Banner Health News Center  

Humana Signs Agreement with Banner Health Network

 

PHOENIX –– Jan. 9, 2013 –– Banner Health Network and Humana Inc. (NYSE: HUM) announced an agreement to provide enhanced care coordination for Humana’s Medicare members with the goal of improving health outcomes and lowering medical costs.

Humana, one of the nation's largest health care companies, sent out this release Wednesday:

The new agreement, effective Jan. 1, 2013, allows Humana and Banner Health Network to work together on a collaborative, accountable care arrangement that will establish incentives to increase quality and efficiency, drive greater patient care coordination, eliminate waste, and reduce the overuse and misuse of care.

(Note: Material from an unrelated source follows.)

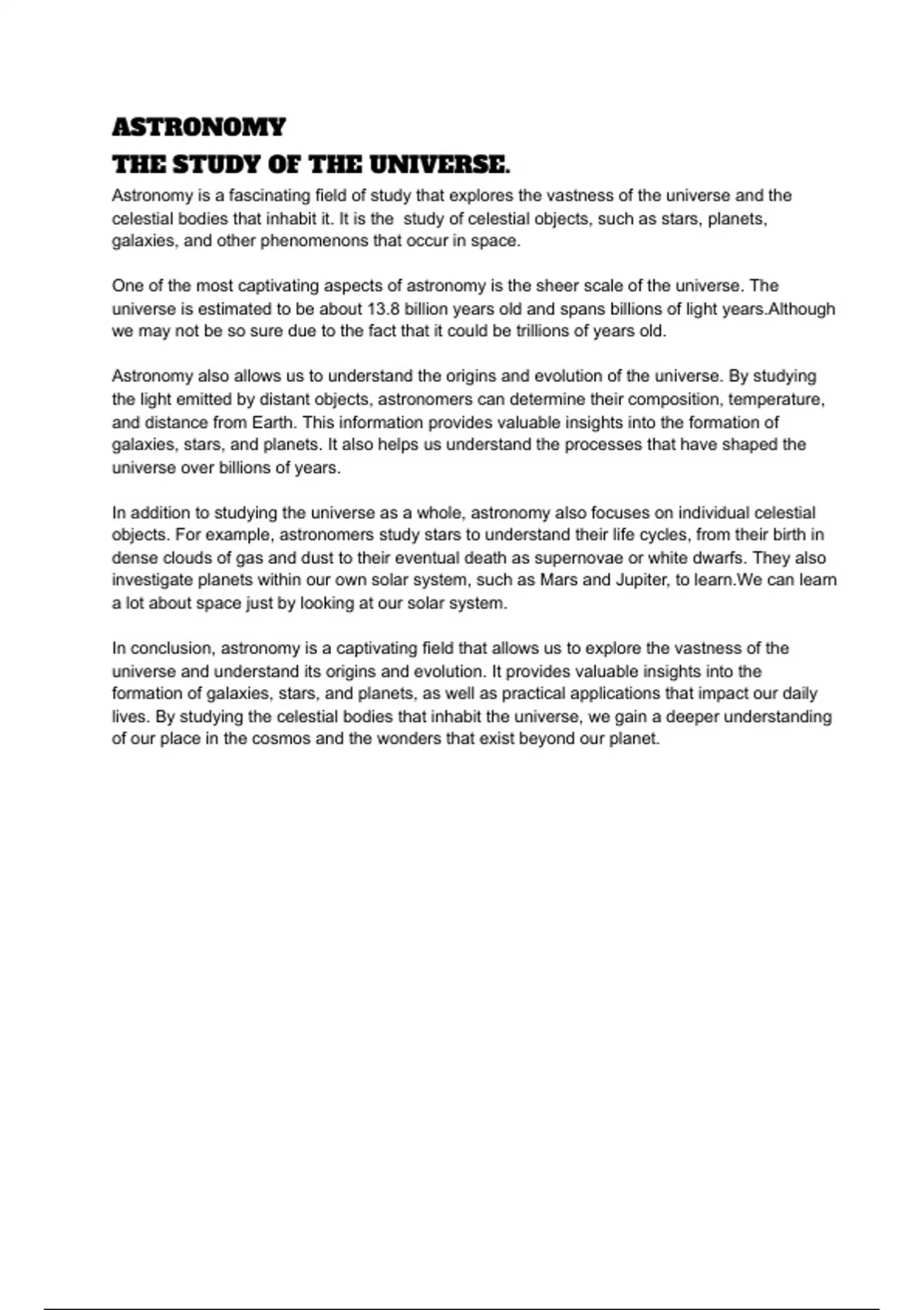 This Document sums up the whole profound purpose in Astronomy and provides information that is necessary for anyone taking Astronomy to understand the basics of overall Astronomy.

The agreement aligns incentives to reward Banner Health Network for improved quality and efficiency outcomes for Humana Medicare Advantage members being managed by the network. Members needing assistance managing chronic conditions, such as diabetes or heart disease, could see immediate benefit.

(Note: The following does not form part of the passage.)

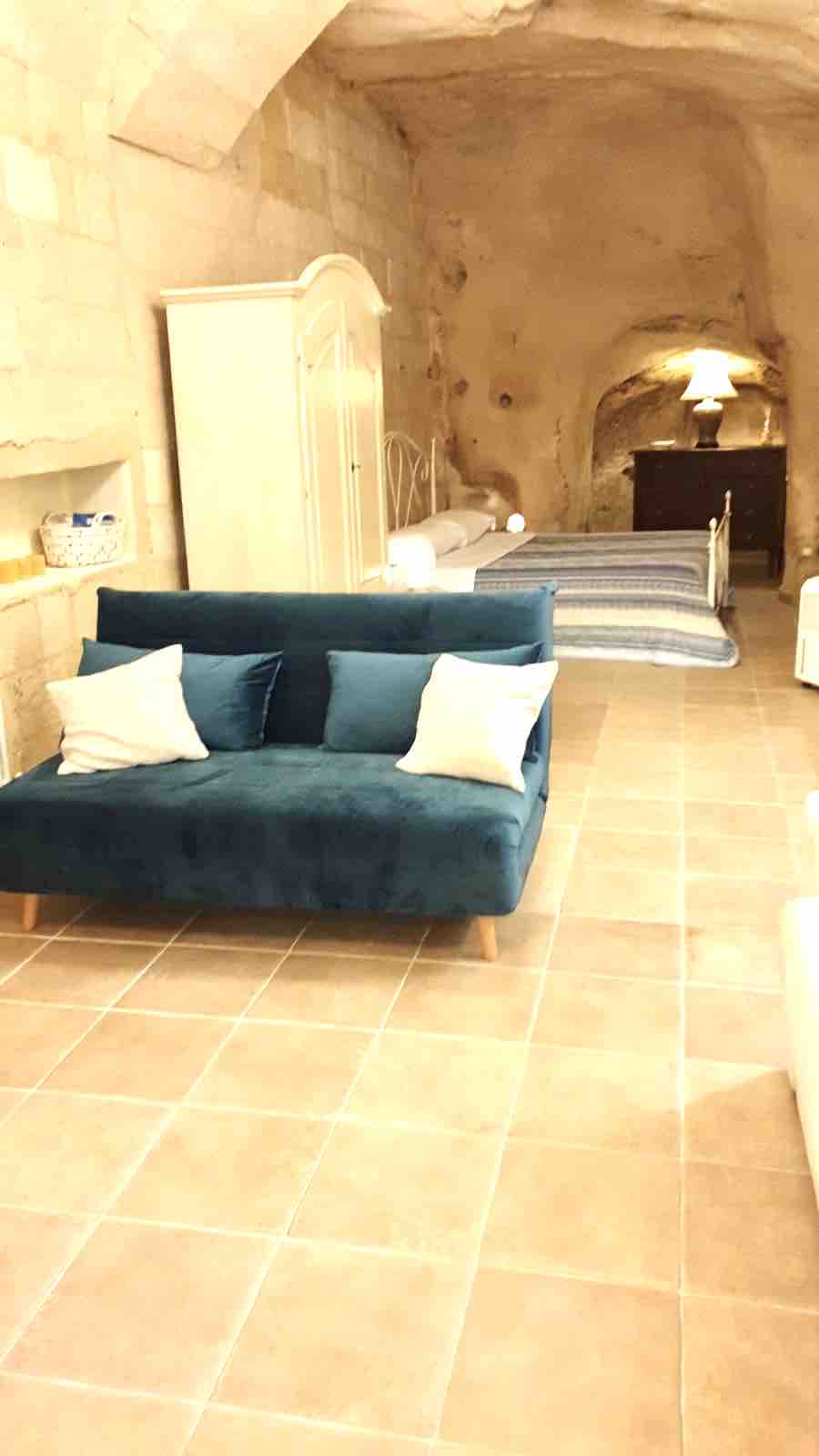 제 숙소는 마테라에 위치한 전형적인 사시 주택으로, 바위에 부분적으로 새겨져 있고, 터프에 부분적으로 세워져 있습니다. 이 공간은 현대성이 우리에게 준 편안함에서 벗어나지 않고 수세기 동안 이 동굴에서 살았던 민족의 역사를 참고로 하여 꾸며졌습니다. 집처럼 편안하게 느낄 수 있는 따뜻하고 분위기 있는 환경을 갖추고 있습니다. 향기와 색상이 시간을 되돌릴 수 있는 보육실처럼 말이죠.

Humana’s Medicare Advantage Preferred Provider Organization (PPO), Health Maintenance Organization (HMO), Point of Service (POS), and Private Fee for Service (PFFS) members in Arizona will receive expanded access to Banner Health Network’s 2,600 Banner Health-affiliated physicians, 13 Phoenix-area Banner Health hospitals, and a variety of other clinical services and facilities.

Humana has had extensive experience with successful agreements aimed at improving health care delivery and reimbursement models for many years.

“Humana is committed to innovative local and national models that improve clinical outcomes, reduce costs and improve efficiencies,” said Michael Franks, Senior Products President for Humana’s Desert Pacific Region. “We are excited to work together with Banner Health Network to ensure our Arizona members’ medical needs are being addressed to help them maintain their health and well-being.”

“Banner Health Network’s proven ability to provide a highly coordinated patient care experience and Humana’s commitment to continuous improvement in quality and their focus on well-being makes this a perfect agreement,” said Chuck Lehn, CEO of Banner Health Network. “We are pleased that Humana’s Medicare beneficiaries will benefit from this new agreement.”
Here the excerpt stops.